I think that as christians we forget that Christmas is about this same mixing of celebration and anticipation. We celebrate the coming of Christ, the birth of Israel's messiah. But we know that the point of Jesus' coming was not his arrival. The real reason we celebrate Christmas is that we look ahead to the Passion.
We celebrate because we see in Jesus' birth the work of God and the fulfillment of his promises, but this celebration points us ahead to Easter, which we eagerly anticipate. Christmas is the opening act of something much larger, a story still being told. Christmas is the beginning of the last act in the story of Israel and the opening scene of a new story about a new Israel: the church. How much richer is our celebration of Christmas when we see it set between the exodus and the Cross, when we consider how it makes possible Pentecost and the church?

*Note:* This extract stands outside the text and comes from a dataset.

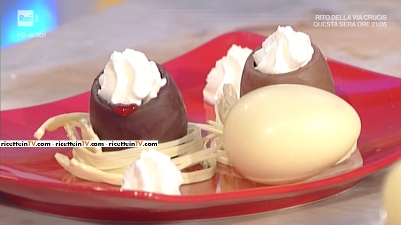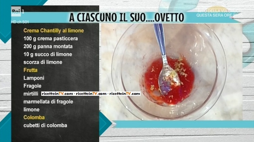 Mettiamo all’interno degli ovetti un cucchiaino di confettura e frutti rossi ed un cubetto di colomba. Copriamo con un ciuffo di chantilly. ottenuta miscelando la crema pasticcera alla panna montata.

If we take Christmas seriously, it is worth celebrating only because it reminds us of our anticipation. That first Christmas anticipated the wonderful works and mighty words of Israel's great prophet, her messiah. It anticipated the healings, the teachings, the miraculous moments as well as the simple ones.
Each new Christmas reminds of the promises we anticipate. We look forward to and particpate in the renewal of creation and God's the reconciliation of each of us: to our creator, one another and ourselves. We anticipate the return of Jesus, the defeat of evil, the vindication of justice and peace through love.
Just a thought. Christmas is about a lot more than we usually remember.